__Assignment__
Please give every line below again exactly, but not its pictures.

__Extracted entries__

════════

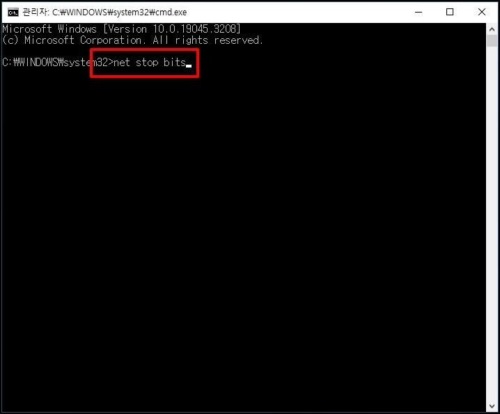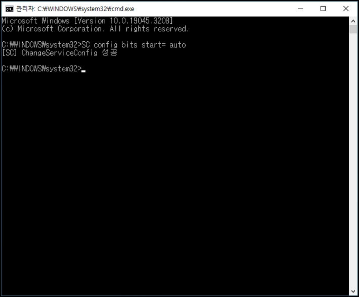 관리자 권한을 가진 명령 프롬프트에서 아래 명령어도 입력 후 엔터키를 눌러줍니다.
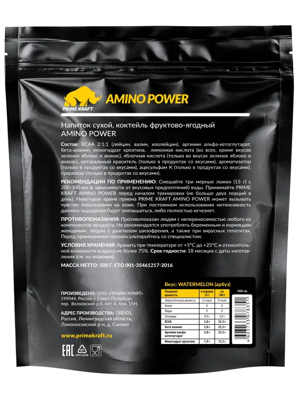 Состав: ВСАА 2:1:1 (лейцин, валин, изолейцин), аргинин альфа-кетоглутарат, бета-аланин, моногидрат креатина, лимонная кислота, натуральный краситель, ароматизатор, ацесульфам калия, сукралоза.
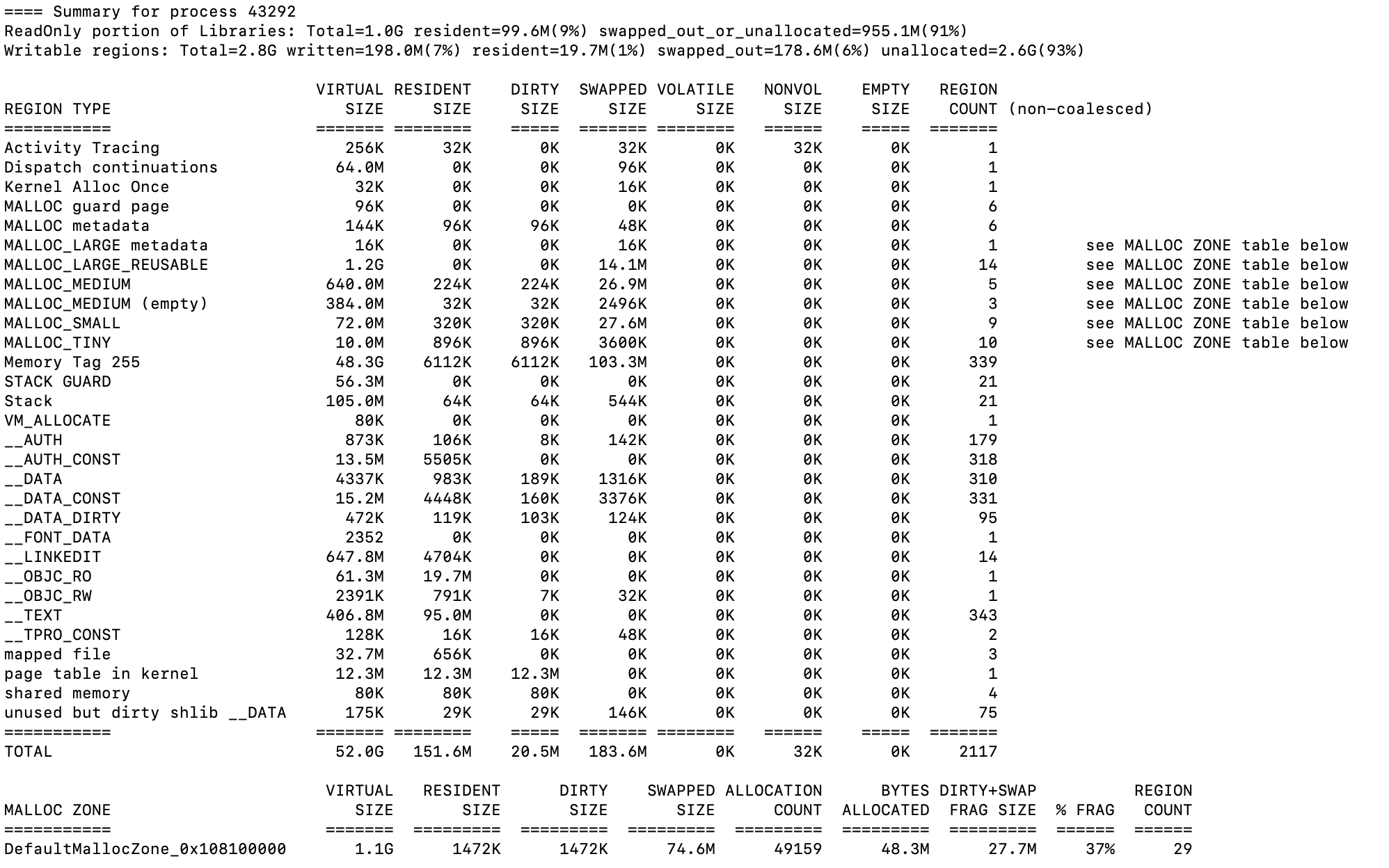 __LINKEDIT 106920000-106960000 [ 256K 20K 20K 0K] r--/r-- SM=COW /opt/homebrew/Cellar/node/23.11.0/bin/node
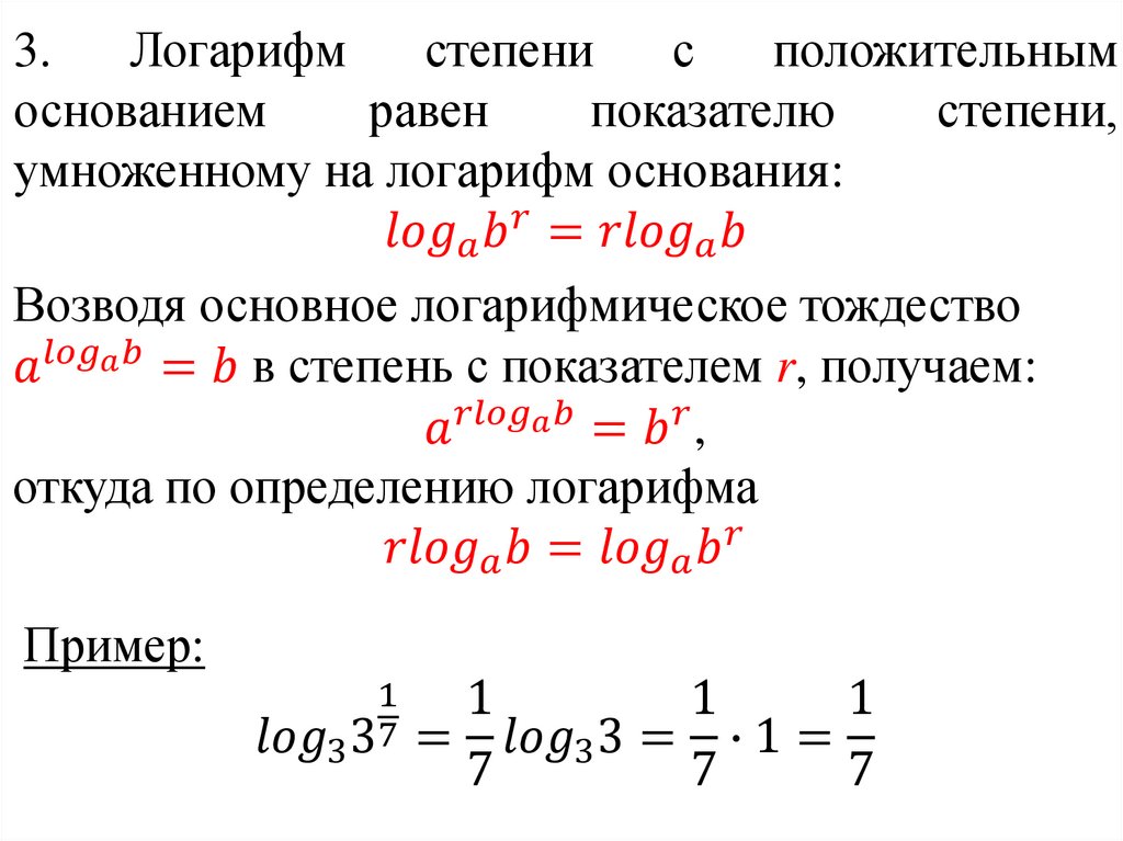 Логарифмы положительного числа b по основанию
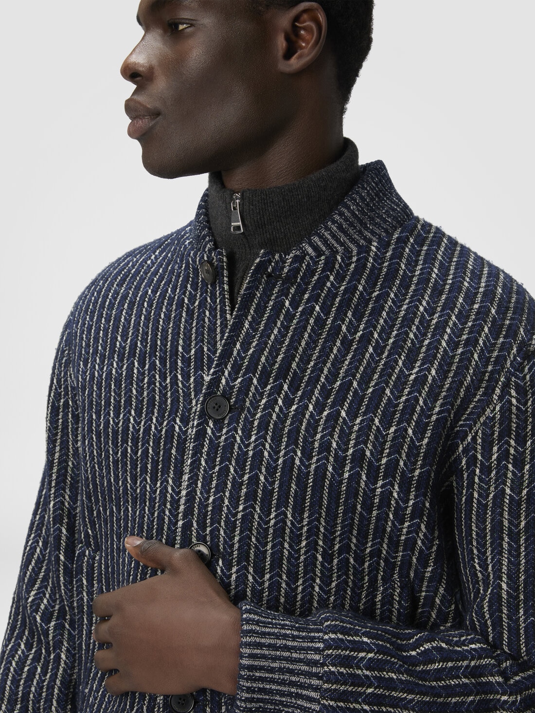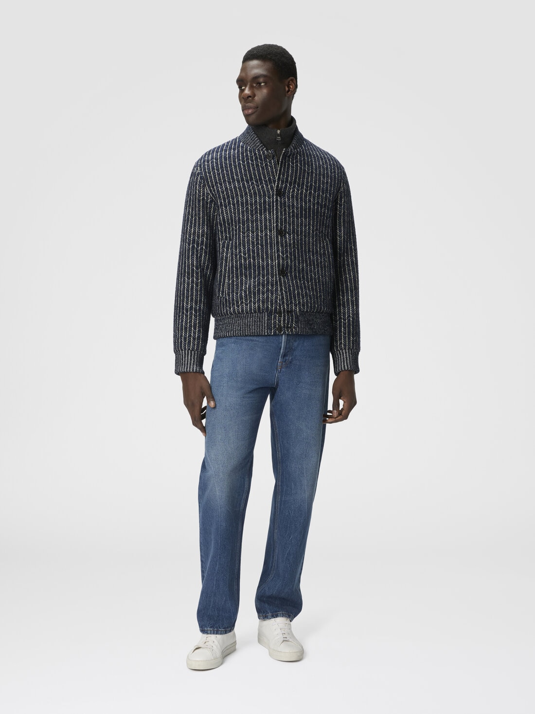 Men’s bomber jacket made on a loom from a wool and cotton blend, enriched with buttons and a distinctive zigzag pattern. A garment that merges functionality and style, with refined workmanship reflecting Missoni’s contemporary elegance for a dynamic and sophisticated look.
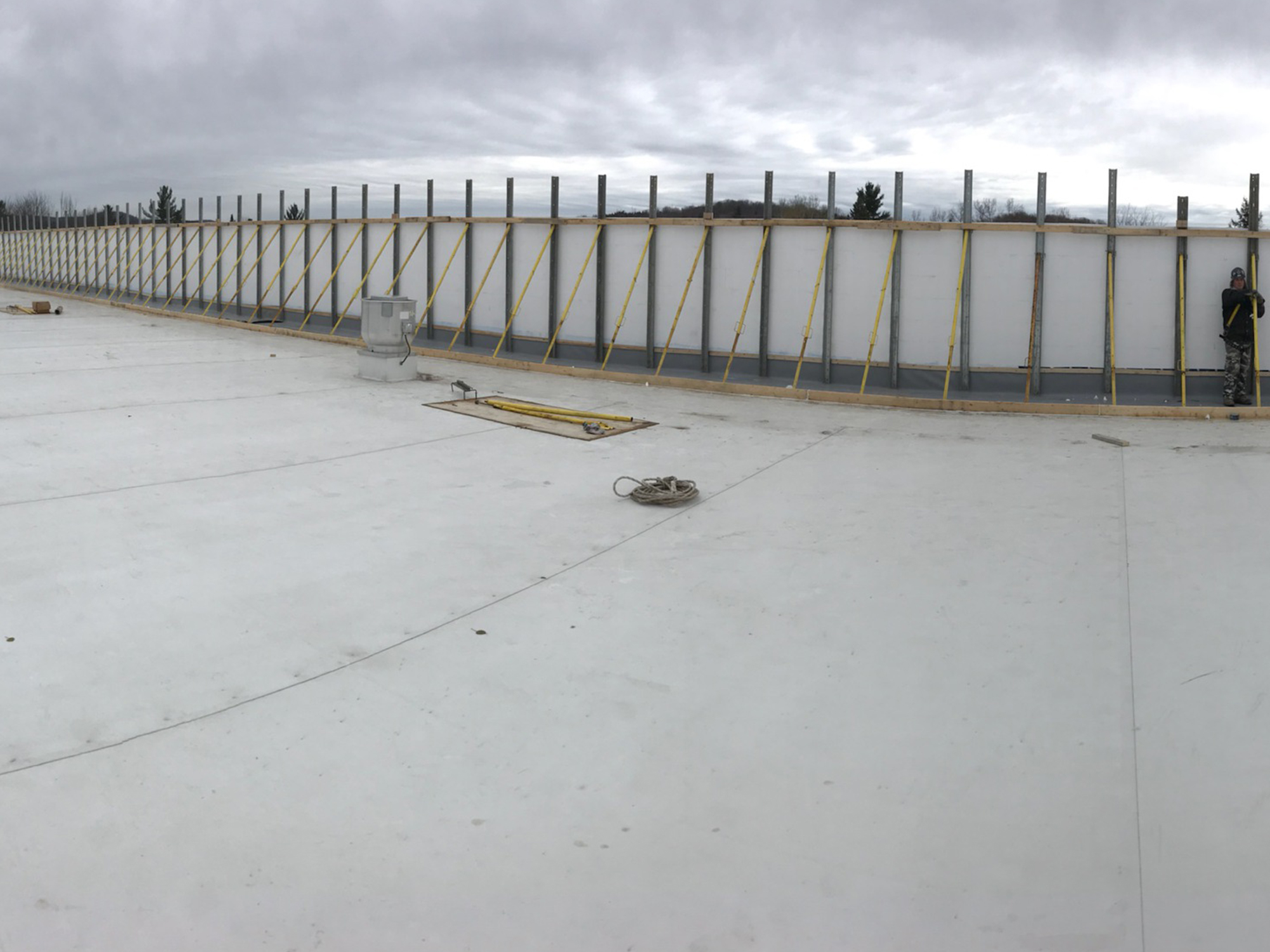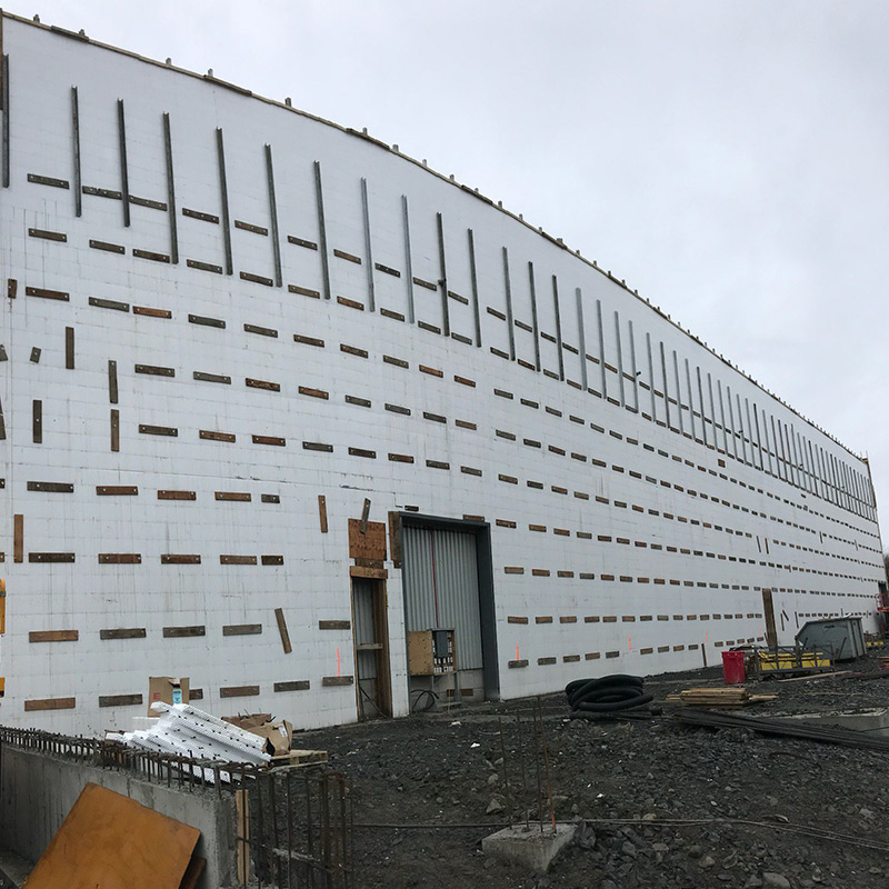 Construction 100% coffrage isolant du mur coupe-feu de l'industrie PPD Group à Waterville. Il s'agit d'une construction qui a nécessité 3 mois de travaux.
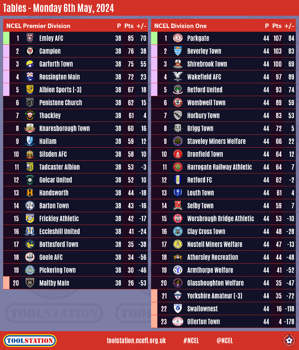 P | 1 | Emley AFC | 38 | 85 | 70 |
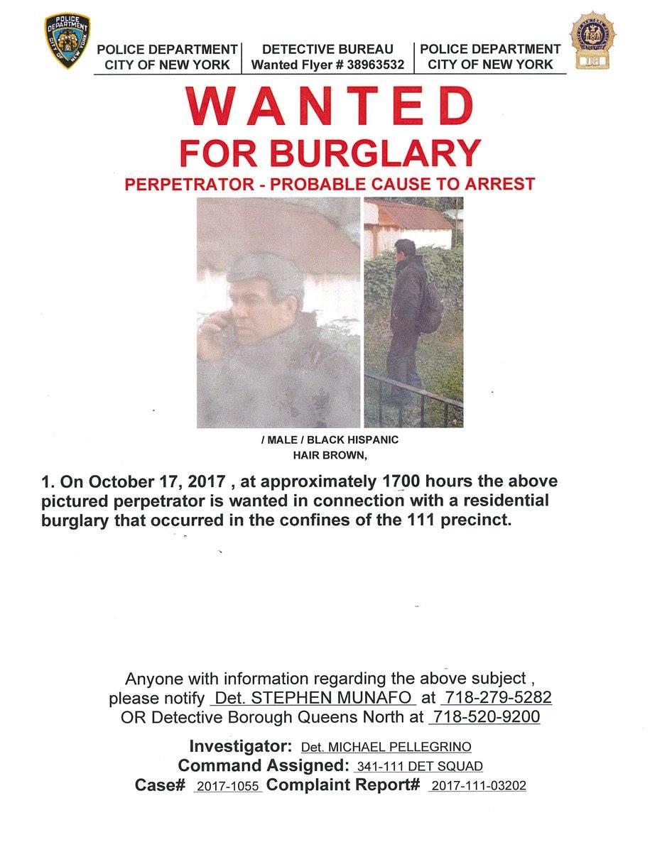 Police have disclosed details of suspect wanted for multiple burglary attempts in Bayside and Whitestone. Reported of several males, Hispanics walking around with backpacks looking to enter homes through back doors or open windows. One of the perp has been caught on surveillance on October 17 at a Bayside home on 37th Avenue and 223r Street near Cross Island Parkway and pic is released to the public. Police reported all the incidents occurs in the afternoon time. The suspect in the pic is male, Hispanic, 40's, about 5'7" and medium weight. Ongoing investigation.
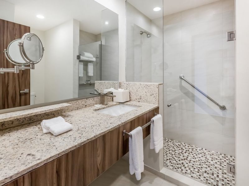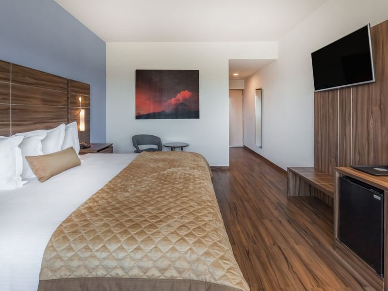Vive una estancia llena de momentos encantadores en esta confortable habitación para no fumadores. Cuenta con una cama King Size, área de trabajo con silla ergonómica, Smart TV de 40 pulgadas con sistema Sky, ventanas de doble vidrio, amplios baños, piso de madera, caja de seguridad, minibar y acceso inalámbrico a Internet de alta velocidad en todo el hotel.
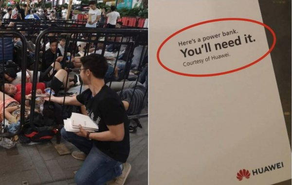 Раздача пауэрбанков произошла возле App Store в Сингапуре. Представители Huawei приблизились к людям, стоявших в очереди за новыми iPhone, и вручили им аксессуары для зарядки смартфонов. На сувенире имелась надпись: «Это пауэрбанк. Он вам нужен. Предоставлено Huawei». Таким образом китайская фирма намекнула, что мобильное устройство от Apple функционирует от одной зарядки лишь небольшое время. Huawei раздала внешние аккумуляторы объемом 10 000 мАч, в РФ они продаются по цене 4490 рублей.
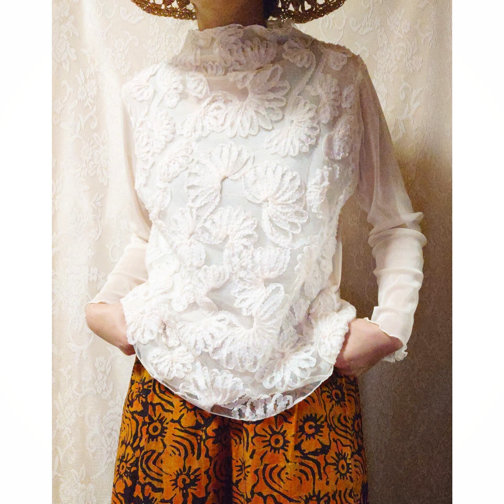 フラワーモチーフデザインと、シアー感がたまらなく素敵なヴィンテージのトップスです。

════════

__Written reply__
 관리자 권한을 가진 명령 프롬프트에서 아래 명령어도 입력 후 엔터키를 눌러줍니다.
 Состав: ВСАА 2:1:1 (лейцин, валин, изолейцин), аргинин альфа-кетоглутарат, бета-аланин, моногидрат креатина, лимонная кислота, натуральный краситель, ароматизатор, ацесульфам калия, сукралоза.
 __LINKEDIT 106920000-106960000 [ 256K 20K 20K 0K] r--/r-- SM=COW /opt/homebrew/Cellar/node/23.11.0/bin/node
 Логарифмы положительного числа b по основанию
 Men’s bomber jacket made on a loom from a wool and cotton blend, enriched with buttons and a distinctive zigzag pattern. A garment that merges functionality and style, with refined workmanship reflecting Missoni’s contemporary elegance for a dynamic and sophisticated look.
 Construction 100% coffrage isolant du mur coupe-feu de l'industrie PPD Group à Waterville. Il s'agit d'une construction qui a nécessité 3 mois de travaux.
 P | 1 | Emley AFC | 38 | 85 | 70 |
 Police have disclosed details of suspect wanted for multiple burglary attempts in Bayside and Whitestone. Reported of several males, Hispanics walking around with backpacks looking to enter homes through back doors or open windows. One of the perp has been caught on surveillance on October 17 at a Bayside home on 37th Avenue and 223r Street near Cross Island Parkway and pic is released to the public. Police reported all the incidents occurs in the afternoon time. The suspect in the pic is male, Hispanic, 40's, about 5'7" and medium weight. Ongoing investigation.
Vive una estancia llena de momentos encantadores en esta confortable habitación para no fumadores. Cuenta con una cama King Size, área de trabajo con silla ergonómica, Smart TV de 40 pulgadas con sistema Sky, ventanas de doble vidrio, amplios baños, piso de madera, caja de seguridad, minibar y acceso inalámbrico a Internet de alta velocidad en todo el hotel.
 Раздача пауэрбанков произошла возле App Store в Сингапуре. Представители Huawei приблизились к людям, стоявших в очереди за новыми iPhone, и вручили им аксессуары для зарядки смартфонов. На сувенире имелась надпись: «Это пауэрбанк. Он вам нужен. Предоставлено Huawei». Таким образом китайская фирма намекнула, что мобильное устройство от Apple функционирует от одной зарядки лишь небольшое время. Huawei раздала внешние аккумуляторы объемом 10 000 мАч, в РФ они продаются по цене 4490 рублей.
 フラワーモチーフデザインと、シアー感がたまらなく素敵なヴィンテージのトップスです。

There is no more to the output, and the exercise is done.